Deciding to leave


My understanding is that when choosing to leave a relationship, figure out a part of what’s not working for you and clean up your thinking then put yourself in a position so you can leave with love and gratitude as opposed to reacting to something, or running away from something that’s not working.

I am straddling that teaching versus when a partner shares a dealbreaker. My situation is that after almost a year of dating my boyfriend said he doesn’t know if he can ever live with his partner, and he’s not sure yet if he loves me.

I want to eventually live with my partner and I want to be with somebody who loves me. He said he can’t do more than what we’re doing now and although he’s hopeful for the future he can’t provide any certainty. This happened yesterday and my initial impression is that as painful as it will be I need to end the relationship.

I did a thought download and I have more thoughts than I can list here and although they all have subtle nuances the general theme is – staying in this relationship is postponing your pain and get out before it hurts worse.

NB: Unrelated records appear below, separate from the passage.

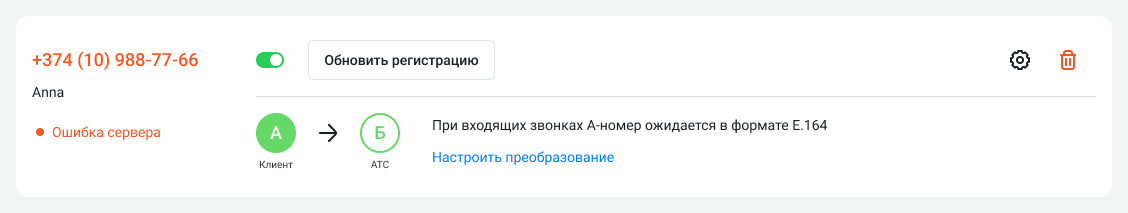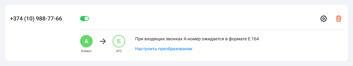 Также в настройках номера будет раздел «При входящих звонках А-номер ожидается в формате E.164». Это техническая информация и, чаще всего, сюда вносить изменения не требуется. Если ваш оператор связи работает не по стандарту E.164, здесь вы сможете настроить преобразование.
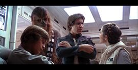 Han听到Luke失踪后,立即不顾劝阻去搜救。Luke被救回后恢复的护理站是本片中唯一一个三个人同时出现在一起的场景,仅仅1分31秒。
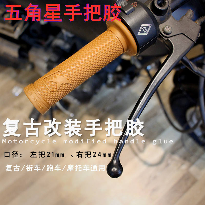 ปลอกแฮนด์รูปดาวห้าแฉกแบบย้อนยุคยางกันลื่นสำหรับรถมอเตอร์ไซค์ครุยเซอร์สีน้ำตาลอ่อน

C-Kelly said he doesn’t think he can ever live with someone
T- this is a mismatch
F- disappointed
A-leave relationship
R-Single

C-Kelly said he doesn’t think he can live with someone
T- you can’t bank on this changing
F- heartbroken
A-leave relationship
R-Single

C-After 11 months of dating Kelly said he cares deeply but needs more time to know if he could love me
T- If he doesn’t know by now, he isn’t ever going to
F- Heartbroken
A-leave relationship
R-Single

C-After 11 months of dating Kelly said he cares deeply but needs more time to know if he could love me
T- you can’t stay with someone who doesn’t love you
F-Heart broken
A- Leave relationship
S- Single

C-After 11 months of dating Kelly said he cares deeply but needs more time to know if he could love me
T- If I accept this I am abandoning what I want in a relationship
F-Grief
A- leave the relationship
R- Single

As I wrote these models, what now comes up is, I don’t like the result. I don’t want to be single. But my belief is that I can’t change people, the future is uncertain, and continuing to invest time with this man will only lead to heartbreak.

If I get hurt, it’s on me because he told me what he is capable of giving and it’s not what I want. Staying in this is not going to result in the long term relationship I envision. I don’t want to leave, but I believe I have to if I want a partner who loves me and wants to live with me.

But if I take the teaching about cleaning up my thoughts and feelings, and leaving from a place of love and gratitude I don’t think I’m doing that. To me, it looks like I’m afraid of being hurt and running away. I am not coming from a space of gratitude for the joy and fun and sharing I’ve had with this person for the last 11 months.

But at the same time, if it’s clear that it doesn’t work, should I stay longer to get to that space of gratitude?